The inquiry heard that Mr Campbell had twice written to the BBC, in March and April this year, voicing complaints about Mr Gilligan's reporting from Baghdad.

After the inquiry had been read some of Mr Campbell's letters, Mr Gilligan said: "These letters are examples, and not the only examples, of the tendency the Government has had to seize on isolated phrases and reports, and to quote them sometimes strikingly out of context."

Mr Dingemans asked whether the already poor relationship between Mr Gilligan and Mr Campbell was the reason why the BBC and the Government refused to back down over the matter.

Mr Gilligan answered: "No, I do not believe it is. The response to the complaint made by Downing Street is not my decision, it is a matter for the higher management ... but if the story had been wrong, we would have corrected it."

Mr Gilligan was questioned about his second appearance before the Foreign Affairs Select Committee when he appeared to absolve Mr Campbell of interfering with the dossier. Mr Gilligan stated that he had made mistakes during the committee questioning due to the "hostile reception" he had been given by some MPs.

Mr Gilligan withstood the onslaught initially but admitted to Lord Hutton yesterday: "I had been disconcerted by the hostility of the questioning and I was simply wrong. I was thrown off balance.
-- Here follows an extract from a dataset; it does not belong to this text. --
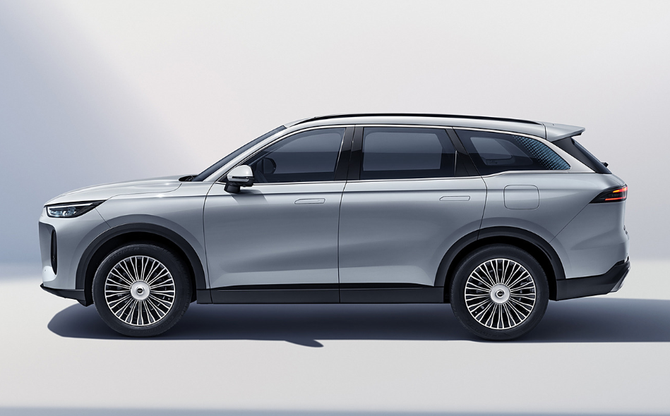 新车的车身侧面设计呈现出一种流畅而宽敞的视觉效果,其腰线设计从车头延伸至车尾,赋予了车身一种更加修长的轮廓。车辆配备了隐藏式门把手和大尺寸密条辐式轮毂,这些设计元素共同作用,营造出一种大型车辆的庄重感。此外,新车在B柱和D柱之间的玻璃面积较大,D柱部分采用了渐变风格花纹块进行装饰,这不仅丰富了新能源车型的设计元素,也为车辆增添了一抹现代感。第三排侧窗的面积设计得较为宽敞,确保了第三排乘客在车内能够享受到较为开阔的视野,减少了乘坐时的压抑感。

"They said they had brought me in to talk about the source but they started talking about a whole slew of stories that I have written."

SCOOP COST BBC £4.15

Costing only £4.15, it must have been one of the cheapest scoops of all time.

Andrew Gilligan told the inquiry yesterday that after meeting the biological warfare expert at the Charing Cross Hotel in central London on 22 May, he had submitted an expenses claim for two soft drinks.

The meeting, which was one of a series of encounters between the pair, triggered the biggest story of the year as well as a serious crisis for the Government.

Mr Gilligan paid £2.20 for one bottle of Coca-Cola and £1.95 for one bottle of Appletise, before claiming reimbursement from the BBC.

As a result, the encounter, and the subsequent scoop, cost the BBC little more than £4.15.